黎明前的官道笼罩在灰白雾气中,一骑黑马如离弦之箭撕破寂静。马上骑士浑身血污,甲胄残破,左肩一道深可见骨的伤口只用布条草草包扎,鲜血仍在渗出。他俯身紧贴马颈,鞭子在空中甩出残影,座下战马口吐白沫,显然已到极限。

前方,驿站轮廓在雾中隐现。骑士眼中迸出光,嘶哑的喉咙挤出破碎的吼声:“江南……加急……解药……”

驿站大门洞开,早已守候在此的驿卒和一小队禁军冲了出来。骑士从怀中掏出一个用油布层层包裹的小盒,用尽最后力气掷向为首的军官:“接……接力……皇后……救命……”

话音未落,他眼前一黑,从马背栽落。军官稳稳接住木盒,入手冰凉,油布上还沾着血迹和汗渍。他来不及查看坠马的骑士,转身对身后已备好的三名信使吼道:“甲等接力!三人三马,分三路进京!沿途所有驿站换马不换人!午时前,必须有一路将东西送进皇宫!这是死令!”

“是!”三名精悍信使翻身上马,将木盒小心收入贴身皮囊,猛夹马腹。三骑如箭离弦,分别冲入三条不同方向的官道——这是凌云定下的策略,分路进发,以策万全。

军官这才蹲下身查看坠马骑士。
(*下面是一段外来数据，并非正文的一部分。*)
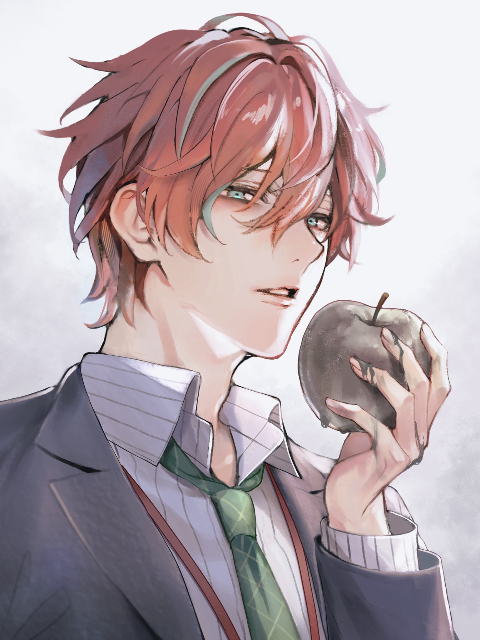 1boyapplecollared shirtfingernailsfoodfruitgreen eyesgreen hairgreen necktiehair between eyeshand upholdingholding foodholding fruitlapelslong sleevesmale focusmulticolored hairnecktienotched lapelsparted lipsred hairsakukaishirtshort hairsolostreaked hairtwo-tone hairupper body

骑士面如金纸,气息微弱,肩头伤口溃烂发黑,显然是中了毒箭。军医匆匆赶来,剪开布条,倒吸一口凉气:“箭上有毒,而且……这伤至少是两天前的!”

两天前?从江南到京城,八百里加急正常也要两天。这意味着这个信使受伤后没有停留,带着伤、顶着毒,狂奔了两天两夜!

“他还能活吗?”军官声音发紧。

军医摇头:“毒性已侵入心脉,能撑到这里,全凭一口气吊着。现在……”他探了探鼻息,手一颤,“……没了。”

军官沉默地站起身,对骑士遗体郑重一礼。然后他猛地转身,对驿卒吼道:“飞鸽传书给下一站!告诉他们,信使殉职,解药已分三路送出!让他们做好接应,沿途加强戒备!墨家余孽……定会拦截!”

信鸽扑棱棱飞入晨曦。而此刻,三条官道上,三场生死追逐已悄然开始。

东路,信使刚出驿站十里,前方山道拐弯处突然滚落数块巨石,堵死去路!几乎同时,两侧山坡箭如雨下!

“有埋伏!”信使咬牙,猛勒缰绳,战马长嘶人立。他反手摘下背上短弩,连发三箭,山坡上传来三声惨叫。但箭矢太密,一支弩箭擦着他脸颊飞过,带出一串血珠。

“冲过去!”他俯身贴马,竟不减速,直冲路障!战马奋蹄跃起,竟险险从巨石缝隙间穿过!落地时马腿一软,连人带马翻滚出去。信使死死护住胸前皮囊,就地滚出数丈,撞在道旁树干上方停。

追兵已从山坡冲下,足有二十余人,黑衣蒙面,刀光森寒。

信使挣扎起身,拔刀在手,背靠树干,喘息着扫视围上来的敌人。他忽然笑了,笑声带着血气:“墨家的狗……还没死绝?”

“交出东西,饶你不死。”为首的黑衣人冷声道。

“做梦。”信使握紧刀柄,“东西在我怀里,有本事来拿。”

黑衣人不再废话,一挥手,众人齐上!刀光剑影瞬间将信使淹没。但他竟是骁勇异常,以一敌众,刀法狠辣,转眼间已砍倒三人。可毕竟寡不敌众,身上不断添伤,血流如注。

眼看就要丧命当场,官道后方忽然传来震天马蹄声!一面“凌”字大旗率先映入眼帘!

“援军……来了……”信使精神一振,挥刀格开劈向胸前的一刀,反手将偷袭者捅了个对穿。

凌云率三百骑兵如狂风般卷入战团!昨夜肃清一处影卫据点后,他判断墨家必会不惜一切代价拦截解药,故亲自率精锐沿途接应,果然撞上!

“杀!一个不留!”凌云长刀所向,骑兵如虎入羊群。黑衣人虽悍勇,但在正规骑兵面前不堪一击,片刻间死伤殆尽,仅剩几人狼狈逃入山林。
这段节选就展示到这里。